▸ **Task goal**
Records follow. Print exactly the lines from the one that has "目前《向往的生活》最新直播收视仅剩0.195%。" through the one that has "英科一次性丁腈手套加厚耐磨汽修钻石纹橡胶防油防滑防水美甲静电", inclusive, and omit the pictures.

▸ **Records for this task**
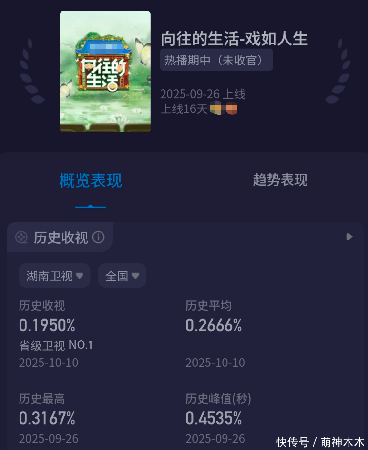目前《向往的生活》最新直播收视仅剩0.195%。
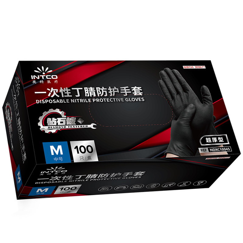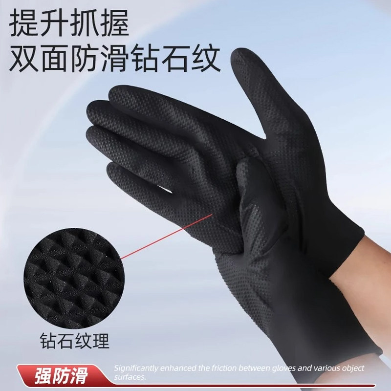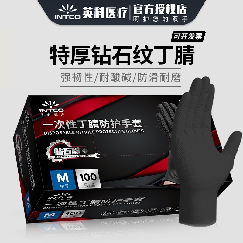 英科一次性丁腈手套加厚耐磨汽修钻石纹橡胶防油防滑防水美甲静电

...

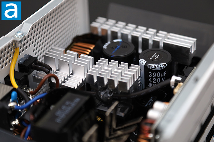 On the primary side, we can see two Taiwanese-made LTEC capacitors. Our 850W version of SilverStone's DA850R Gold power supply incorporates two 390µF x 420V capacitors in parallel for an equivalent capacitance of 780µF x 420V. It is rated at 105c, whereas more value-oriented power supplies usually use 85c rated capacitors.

==

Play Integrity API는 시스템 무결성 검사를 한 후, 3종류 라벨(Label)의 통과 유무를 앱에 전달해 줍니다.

▸ **Answer area**
目前《向往的生活》最新直播收视仅剩0.195%。
 英科一次性丁腈手套加厚耐磨汽修钻石纹橡胶防油防滑防水美甲静电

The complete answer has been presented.